Document Type	Text Content
Type1	ContentText11
Type1	ContentText12
Type2	ContentText21

Error Message:

Traceback (most recent call last):
  File "c:\learning\learning.py", line 23, in <module>
    trainer.train()
  File "C:\Users\airep\AppData\Local\Packages\PythonSoftwareFoundation.Python.3.11_qbz5n2kfra8p0\LocalCache\local-packages\Python311\site-packages\transformers\trainer.py", line 1780, in train
    return inner_training_loop(
           ^^^^^^^^^^^^^^^^^^^^
  File "C:\Users\airep\AppData\Local\Packages\PythonSoftwareFoundation.Python.3.11_qbz5n2kfra8p0\LocalCache\local-packages\Python311\site-packages\transformers\trainer.py", line 2085, in _inner_training_loop
    for step, inputs in enumerate(epoch_iterator):
  File "C:\Users\airep\AppData\Local\Packages\PythonSoftwareFoundation.Python.3.11_qbz5n2kfra8p0\LocalCache\local-packages\Python311\site-packages\accelerate\data_loader.py", line 452, in __iter__
    current_batch = next(dataloader_iter)

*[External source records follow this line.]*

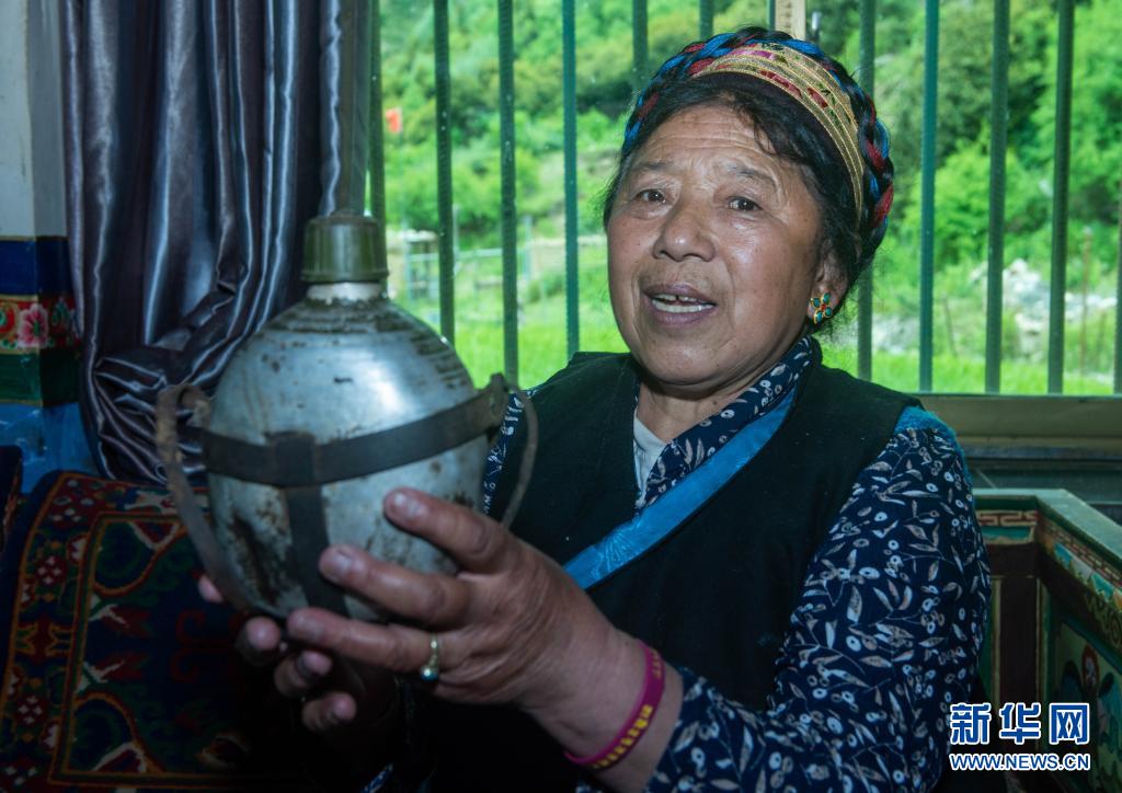 太昭村村民阿牛在展示当年解放军送给她父亲的水壶(7月9日摄)。新华社记者 旦增尼玛曲珠 摄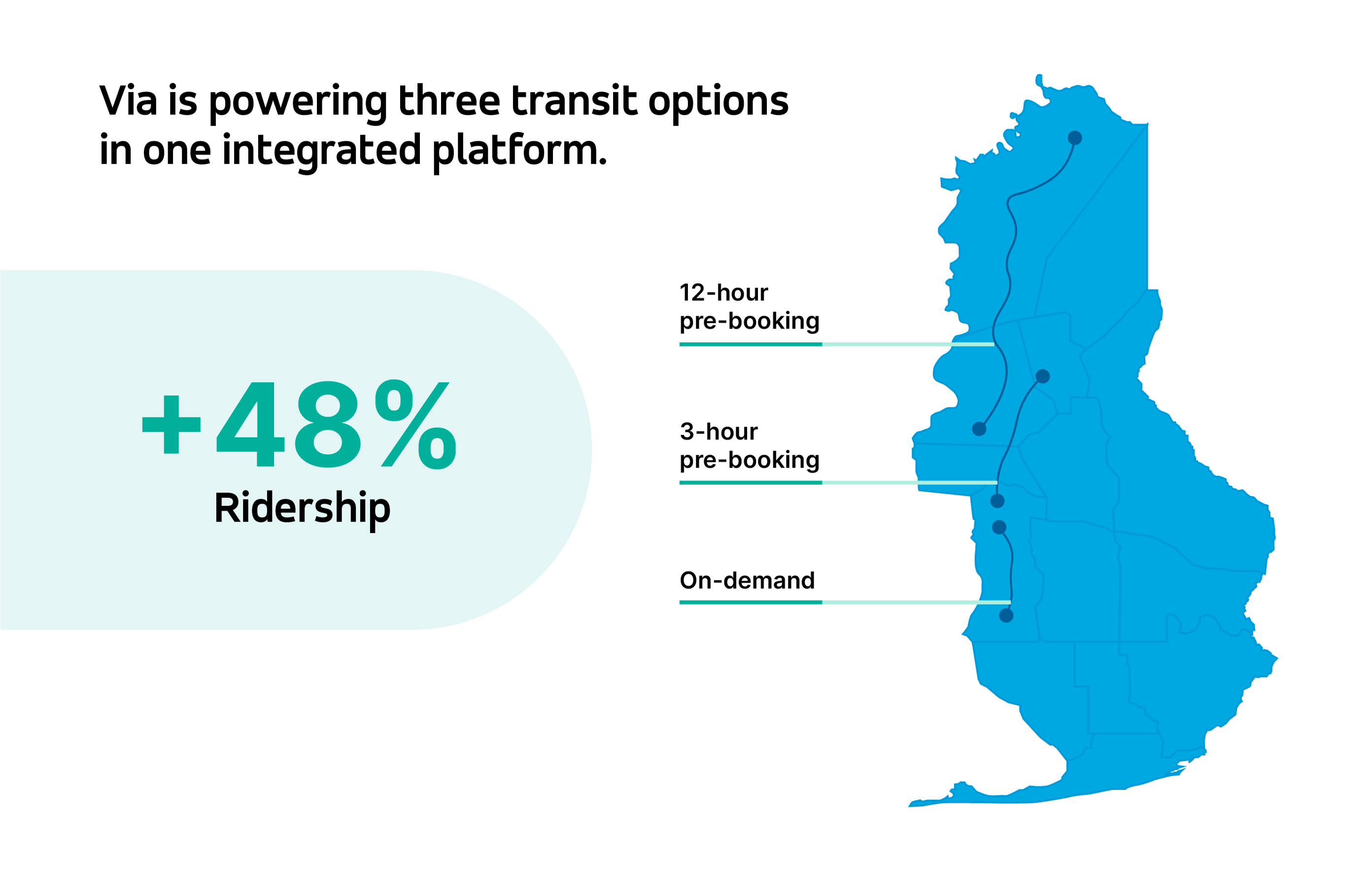 “With Via’s commingled service model and automated scheduling platform, we have been able to serve more rides with limited supply, while ensuring that we deliver reliable, on-time trips to riders.”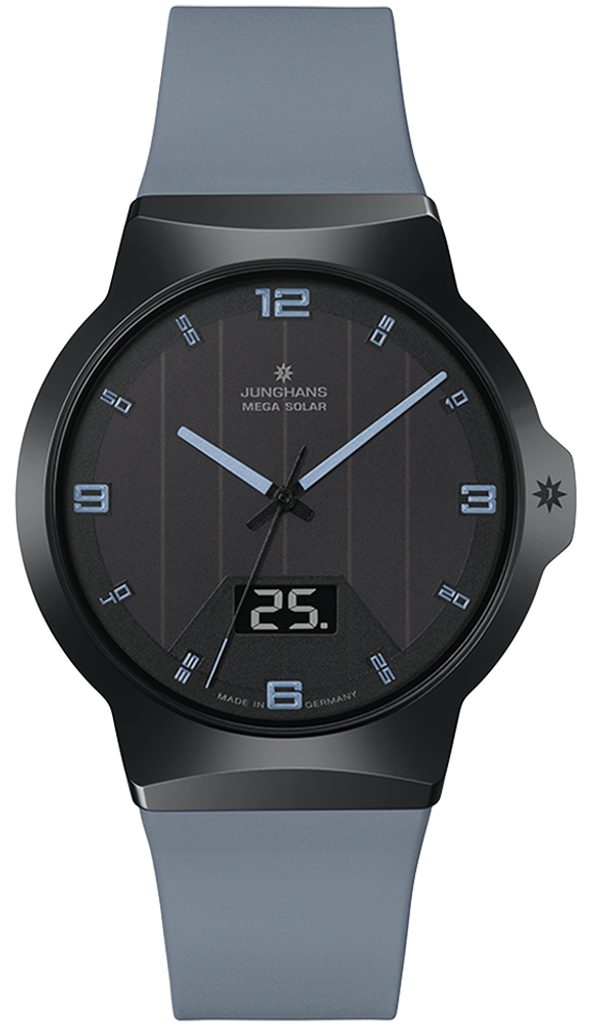 Nemecké hodinky Junghans Force Mega Solar 18/1401.00 zo série Performance majú kombinovaný analógový a digitálny ciferník, kde na prvý pohľad prevláda jednoduchosť a prehľadnosť.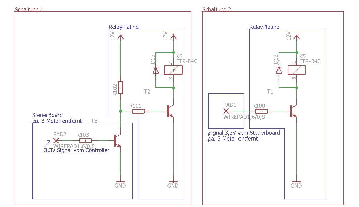 Hallo zusammen, wenn ich mir das alles so anhöre dann mache ich das wirklich so: - Transistoren und Widerstände auf der Steuerplatine - Und nur die Relais auf der Relais Platine. Gruß Stefan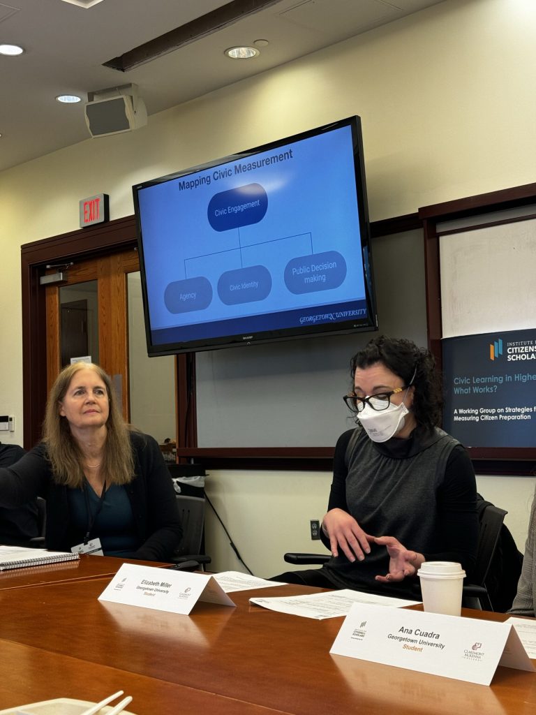 For the past two years, the Institute for Citizens & Scholars has spearheaded efforts to measure civic learning in higher education as part of the College Presidents for Civic Preparedness initiative. The Working Group on Strategies for Measuring Citizen Preparation launched in May 2023 with a diverse group of 13 institutions and has continued with monthly virtual meetings. Leveraging the measurement framework from Mapping Civic Measurement, participants designed and launched studies focused on elements from the Civic Readiness Map (critical thinking, civic identity, public decision-making) and the Civic Opportunities Map (critical thinking, inclusion and empathy, and agency).
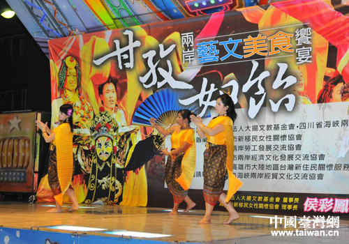 臺(tái)灣同胞同臺(tái)獻(xiàn)藝表演精彩的舞蹈。

                    ^^^^^^^^^^^^^^^^^^^^^
  File "C:\Users\airep\AppData\Local\Packages\PythonSoftwareFoundation.Python.3.11_qbz5n2kfra8p0\LocalCache\local-packages\Python311\site-packages\torch\utils\data\dataloader.py", line 633, in __next__
    data = self._next_data()
           ^^^^^^^^^^^^^^^^^
  File "C:\Users\airep\AppData\Local\Packages\PythonSoftwareFoundation.Python.3.11_qbz5n2kfra8p0\LocalCache\local-packages\Python311\site-packages\torch\utils\data\dataloader.py", line 677, in _next_data
    data = self._dataset_fetcher.fetch(index)  # may raise StopIteration     
           ^^^^^^^^^^^^^^^^^^^^^^^^^^^^^^^^^^
  File "C:\Users\airep\AppData\Local\Packages\PythonSoftwareFoundation.Python.3.11_qbz5n2kfra8p0\LocalCache\local-packages\Python311\site-packages\torch\utils\data\_utils\fetch.py", line 51, in fetch
    data = [self.dataset[idx] for idx in possibly_batched_index]

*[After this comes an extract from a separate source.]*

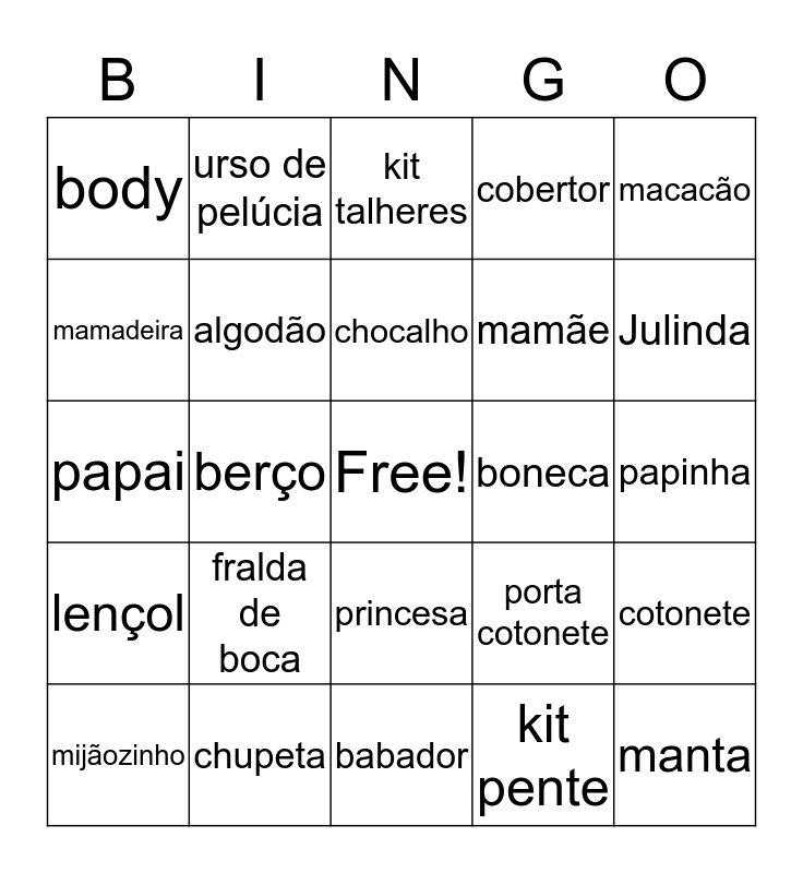 This bingo card has a free space and 24 words: fralda de boca, chupeta, chocalho, mijãozinho, macacão, body, mamadeira, urso de pelúcia, boneca, princesa, mamãe, papai, porta cotonete, cotonete, algodão, kit pente, papinha, kit talheres, Julinda, berço, manta, lençol, cobertor and babador.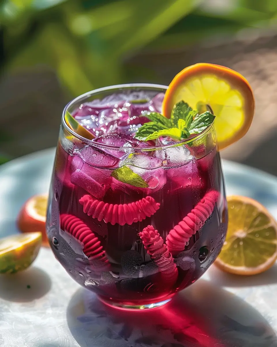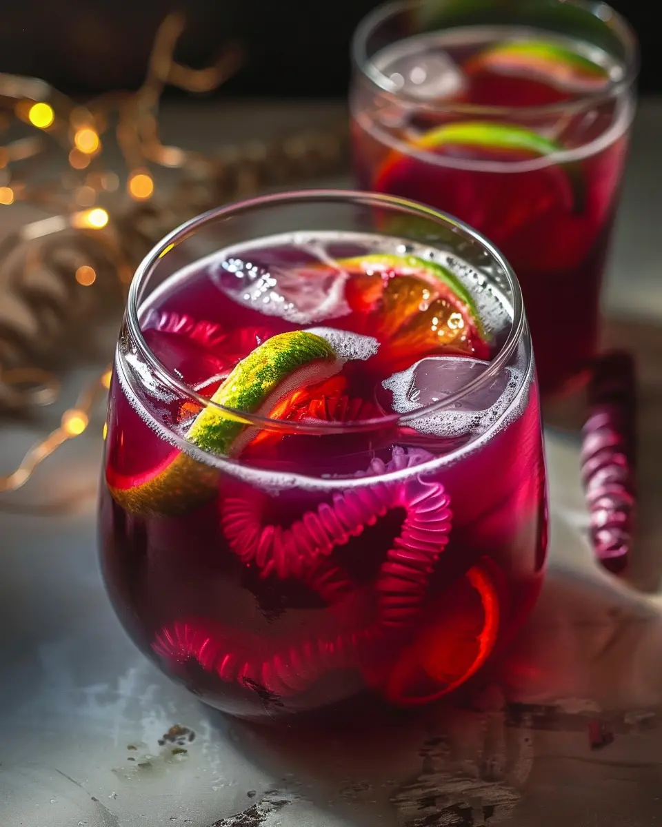 Presentation is key for Witch’s Potion Punch. Use a large, clear punch bowl to showcase your colorful ingredients. Add floating fruit slices, such as oranges and berries, for a pop of color, and consider using dry ice for a spooky, foggy effect (just remember not to ingest it!). Garnish individual glasses with sprigs of rosemary or edible flowers for an extra touch of magic.

           ^^^^^^^^^^^^^^^^^^^^^^^^^^^^^^^^^^^^^^^^^^^^^^^^^^^^^
  File "C:\Users\airep\AppData\Local\Packages\PythonSoftwareFoundation.Python.3.11_qbz5n2kfra8p0\LocalCache\local-packages\Python311\site-packages\torch\utils\data\_utils\fetch.py", line 51, in <listcomp>
    data = [self.dataset[idx] for idx in possibly_batched_index]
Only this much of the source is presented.